__YOUR ASSIGNMENT__
Extract word for word the lines of the listing from its start to the line holding "1set = 4pcs", both ends kept; pictures are not part of the copy.

__SUPPLIED RECORDS__
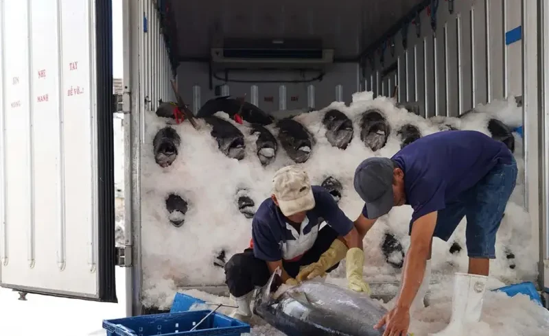 | Cá ngừ đại dương sau sơ chế được ướp đá lạnh từ bên trong lẫn bên ngoài trên các xe đông lạnh để vận chuyển đến các tỉnh thành. |
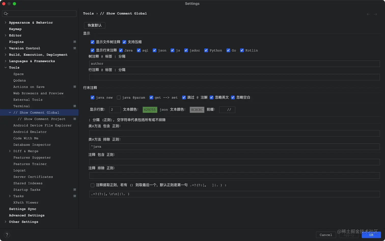 - 修改配置:设置 -> 工具 -> // Show Comment Global/Project;
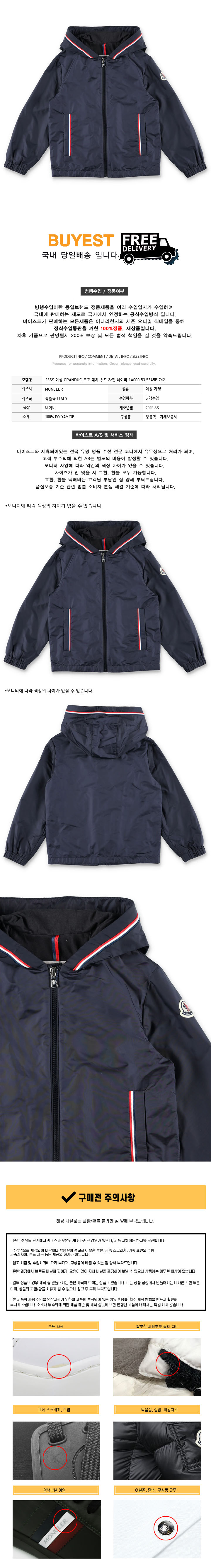 * 모 델 명 : 25SS 여성 GRANDUC 로고 패치 후드 자켓 네이비 1A000 53 53A5E 742
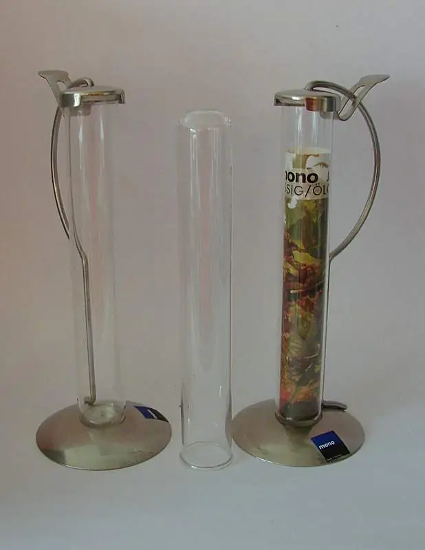 Reagenzglas-ähnliche Behälter für Essig und Öl. Gestelle aus Edelstahl.
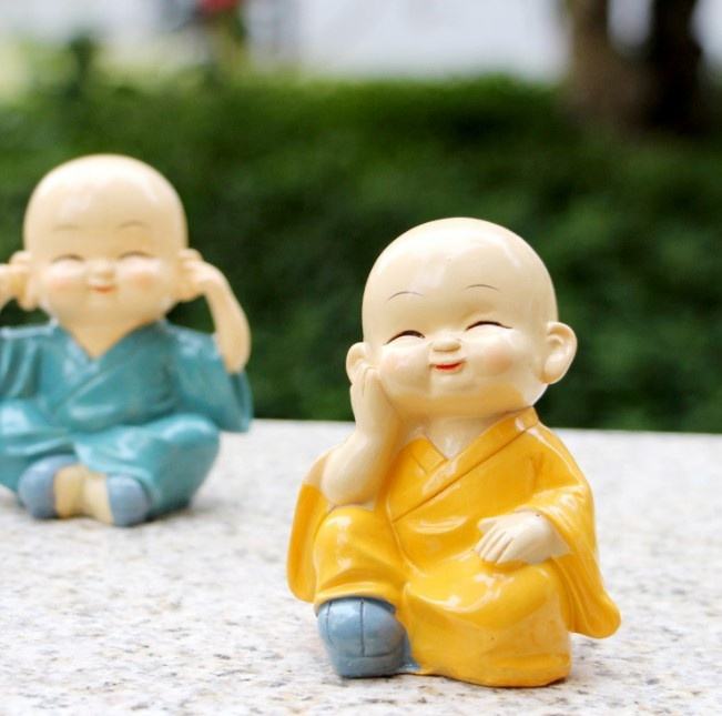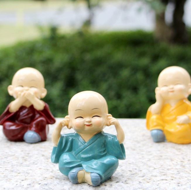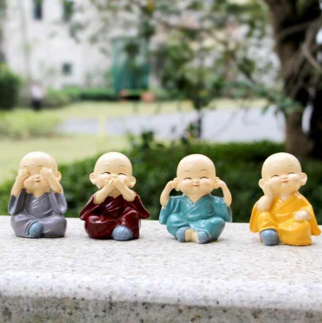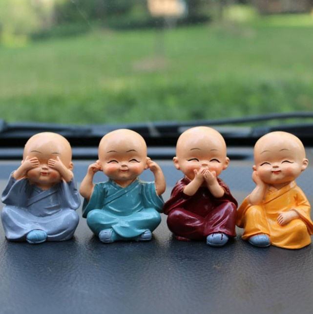 1set = 4pcs Chaque Set Cute Resin Little Buddha Statue Small Quantity Laughing Monk for Car Decor
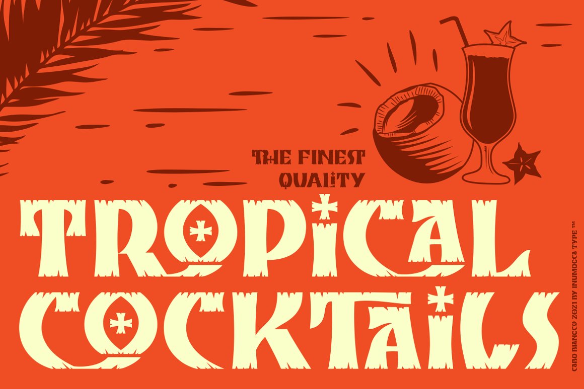 CABO BLANCCO is A Tropical Display Font inspired by a traditional carved wooden tiki, Powerfull and has a very distinct and Bold Character, Great for expressing a summer,The Typeface comes with Stylistic Alternates and Ligature Combinations Exellent typeface to use for covering your Project, like Branding, Headline Letter, Flyer, Signage, Quotes, Poster Typography, Bookcover, Magazine cover, Poster, Quotes Lettering, Logos, and more your project design.

__SOLUTION__
 | Cá ngừ đại dương sau sơ chế được ướp đá lạnh từ bên trong lẫn bên ngoài trên các xe đông lạnh để vận chuyển đến các tỉnh thành. |
 - 修改配置:设置 -> 工具 -> // Show Comment Global/Project;
 * 모 델 명 : 25SS 여성 GRANDUC 로고 패치 후드 자켓 네이비 1A000 53 53A5E 742
 Reagenzglas-ähnliche Behälter für Essig und Öl. Gestelle aus Edelstahl.
 1set = 4pcs Chaque Set Cute Resin Little Buddha Statue Small Quantity Laughing Monk for Car Decor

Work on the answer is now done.